= Yugoslav Women's Alliance =

Yugoslavian women's rights organisation

Yugoslav Women's Alliance (Jugoslavenski Ženski Savez) also called National Women's Alliance (NWA; Narodni ženski savez / Narodna ženska zveza) was a Yugoslavian organisation for women's rights, founded in September 1919 and abolished in 1961.
It was originally named National Women's Alliance of the Kingdom of Serbs, Croats, and Slovenes (Narodni Ženski Savez Hrvata i Slovenaca), but changed name in 1929.

When Serbia, Croatia and Slovenia united to create Yugoslavia, the women's organizations of these countries united in the umbrella organization Yugoslav Women's Alliance. The organization was the leading force of the women's movement in pre-Communist Yugoslavia during the interwar period, and campaigned in favor of women's suffrage and other reforms in gender equality until its dissolution in 1961.

==History==

After the end of the First World War in 1918, Serbia, and State of Slovenes, Croats and Serbs (parts under the Austro-Hungarian rule) united to form the new Kingdom of Yugoslavia. Each part of the new Kingdom previously had their own separate women's movement.

The predecessors and regional representatives in Serbia was the Serbian National Women's Alliance (NWA, 1906), Princess Ljubica Society (Društvo Kneginja Ljubica, 1899), Circle of Serbian Sisters (Kolo Srpskih Sestara, 1903), the Maternity Society (Materinsko Udruženje, 1904) and Belgrade Women's Society (BŽD—Beogradsko Žensko Društvo); and in Slovenia the General Women's Society (SŽD—Splošno Žensko Društvo, 1901).

After the unification of Yugoslavia, there was a need to unite the separate women's movement and coordinate them in the new state.
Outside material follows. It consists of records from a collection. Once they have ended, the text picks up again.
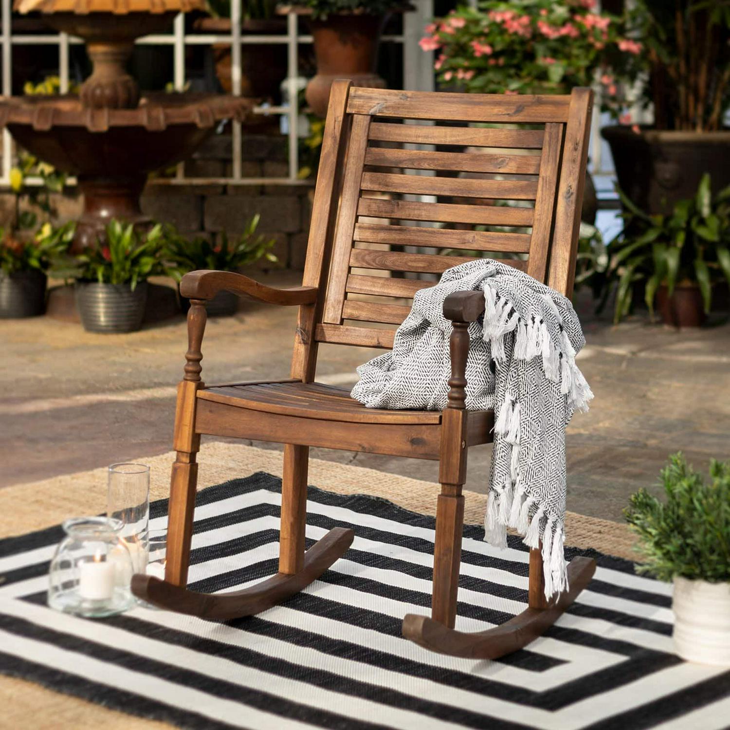 Walker Edison Furniture OWRCDB Solid Acacia Wood Rocking Patio Chair, Dark Brown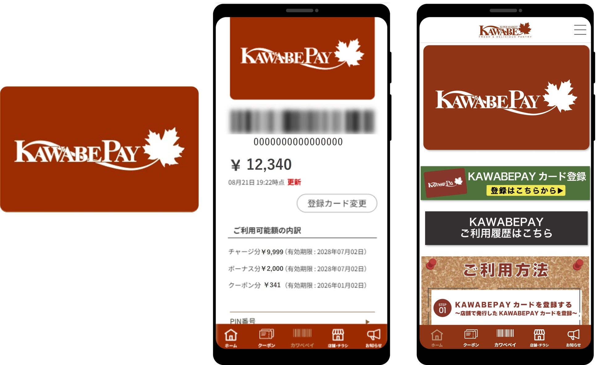 今回、独自Pay発行サービス「Value Card」を導入したカワベは、兵庫県に5店舗の食品スーパー「カワベ」を展開しています。カワベでは、お客様にとっての利便性や満足度向上に加え、デジタルを活用した販促活動の強化を目的に独自Payを採用されました。また、リアルカードのみならず、即座に特売やキャンペーン情報を消費者がアプリを通じて確認できるといった販促活動の強化を目的に、スマートフォンアプリも提供されます。スマートフォンアプリからは、「カワベPay」の残高確認や利用履歴も手軽に確認いただけます。カワベのご担当者様は、「『カワベPay』の利用を促し、よりお客様が再来店したくなるキャンペーンなどにも取り組んでいきたい。また、デジタル販促を活用することで、若年層へのアプローチも強化していきたい」と述べています。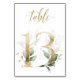 Lindo cartão de número de mesa com um motivo botânico - uma ilustração em aquarela de folhas verdes e douradas. Mesa 13. Por favor, verifique todos os números disponíveis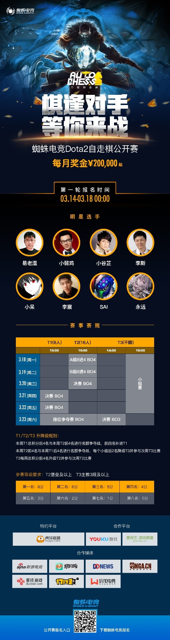 继蜘蛛电竞Apex英雄公开赛后,国内领先的电竞网络蜘蛛电竞将在3月18日举办DOTA2自走棋比赛,报名通道已经开启,3月15-3月18日00:00,下载蜘蛛电竞APP即刻报名参赛!(报名成功之后需加赛事QQ群:416177559) &nb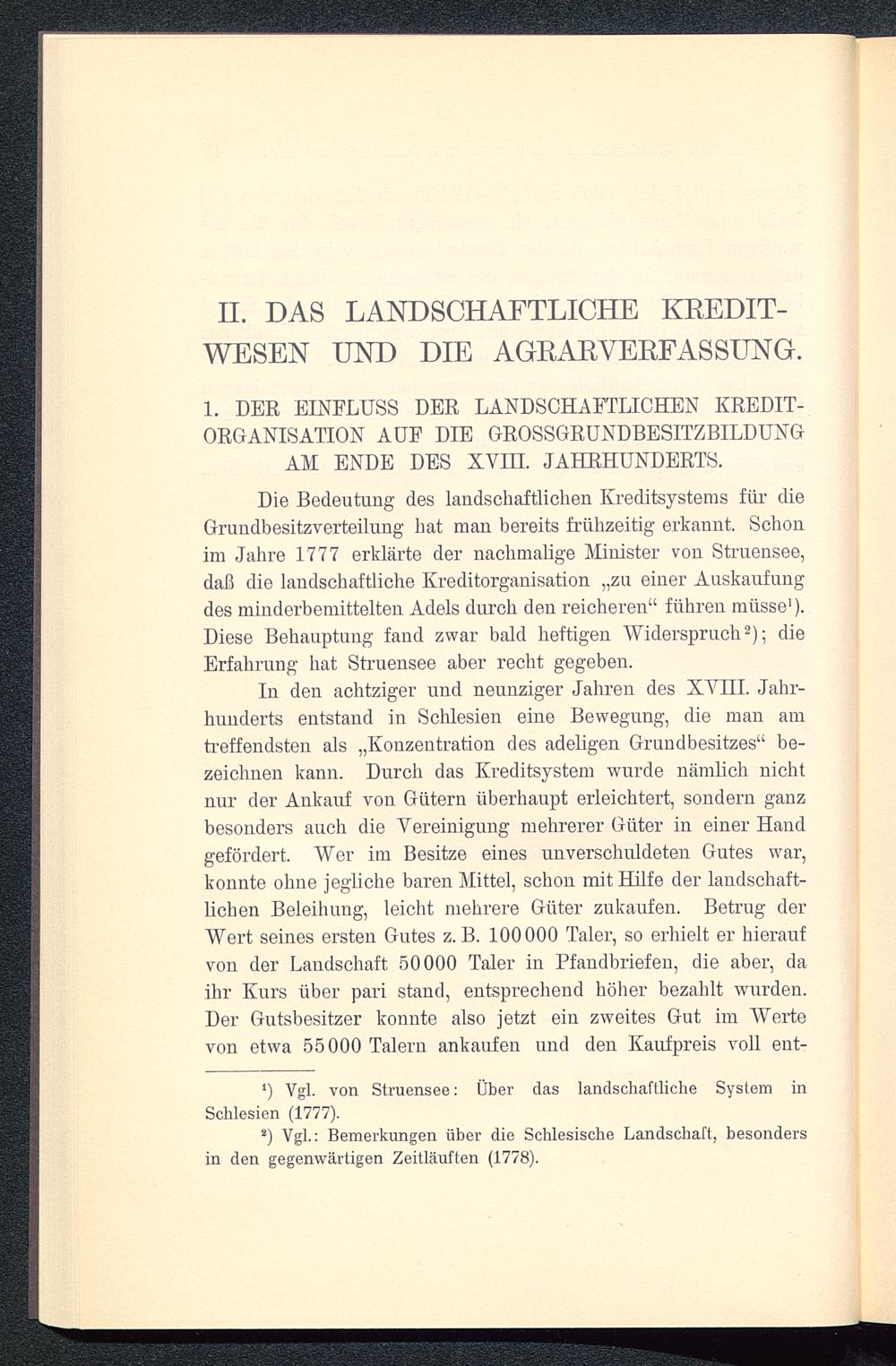 Die Bedeutung des landschaftlichen Kreditsystems für dieGrundbesitzverteilung hat man bereits frühzeitig erkannt. Schonim Jahre 1777 erklärte der nachmalige Minister von Struensee,daß die landschaftliche Kreditorganisation „zu einer Auskaufungdes minderbemittelten Adels durch den reicheren“ führen müsse 1 ).Diese Behauptung fand zwar bald heftigen Widerspruch 2 ); dieErfahrung hat Struensee aber recht gegeben.

In September 1919, representatives from different women's organizations from all parts of the new state met with the goal of 'the unification of all Yugoslav women'.

The Yugoslav Women's Alliance was founded to function as an umbrella organization for the previously separate women's organizations active in the parts that had united to form the new state of Kingdom of Yugoslavia. It was thus to become the leading force of the women's movement in Yugoslavia in the interwar period.
It was the largest women's organisation in Yugoslavia. It united two hundred and five local women's organisations and fifty thousand women from Serbia, Croatia and Slovenia; in the 1930s, the number had grown to 300 organizations.
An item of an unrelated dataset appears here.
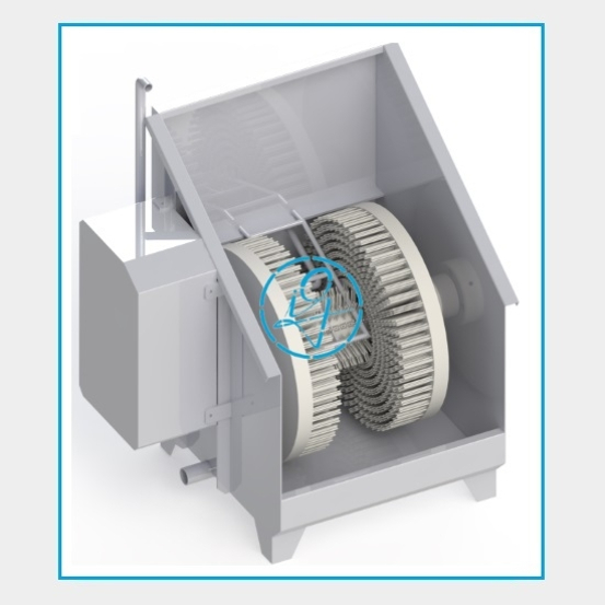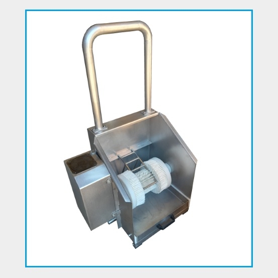 Cepillo central giratorio para limpieza de suela, fabricado en nylon sanitario blanco, montado sobre un eje macizo de acero inoxidable.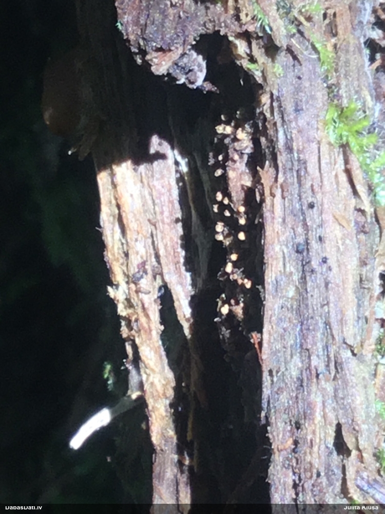 Paldies, Mārīt! Nu īsti nevar :D. Kamēr nemikroskopēju, pārliecības nebija. Normāli būtu, ja tādi augtu čupiņā (un tā tiem vajadzētu augt), tad būtu ieraugāms un saprotams. Bet nu viens gab. ir tā kā ir. :) Laimējās! Paldies Raivo, kurš ierādīja, tieši uz kādiem kokiem jāmeklē.

The organization became the representative of the women's movement of the new state in the international women's bodies of International Council of Women (ICW) International Woman Suffrage Alliance (IWSA).

Initially, the Yugoslav Women's Alliance was primarily composed of upper class women and organizations with modest demands, and a focus on patriotism and charity. Because of this, some more radical feminists formed the Feminist Alliance of the Kingdom of Serbs, Croats and Slovenes or Feminist Alliance (FA—Feministička Alijansa) in 1923 (renamed Women's Movements' Alliance or AŽP—Alijansa ženskih pokreta/Alijansa ženskih pokretov in 1926).
In the late 1920s however professional middle class feminists from the FA came to dominate the Yugoslav Women's Alliance, which resulted in a closer collaboration between the Yugoslav Women's Alliance and the Feminist Alliance, and the split of more conservative women from the Yugoslav Women's Alliance. The conservative Narodna Ženska Zajednica ("National Women's Association") was split from the Yugoslav Women's Alliance in 1926.

The organization worked for the introduction of women's suffrage. Women's suffrage had been promised when Yugoslavia was created, but when the promise was not fulfilled, the Yugoslav Women's Alliance organized campaigns in favor of the reform.

They also campaigned for other reforms in favor of women's rights and gender equality, such as civil marriage, marital property rights, custody of children and women's professional rights.
The activity of the movement slowed down after 1929, when the Royal Dictatorship was introduced and political activity was limited.

It published its own magazine; the Gazette of the Yugoslav Women's Union (Glasnik Jugoslovenskog Ženskog Saveza, 1935–40).

===Dissolution===
When the Communist takeover resulted in a declaration of equality between men and women, and all legal discrimination was removed in the new constitution of 1946, all the legal changes the Yugoslav Women's Alliance had advocated for were achieved without their participation in the creation of the constitution.

The Yugoslav Women's Alliance essentially ended their activity in 1946, though they were not formally dissolved until 1961. Similar to other communist states of the period, the organizations of the women's movement was incorporated in to the state women's organization, which in the case of Yugoslavia was the Women's Antifascist Front of Yugoslavia, which enforced the new equality between women and men legalized by the state.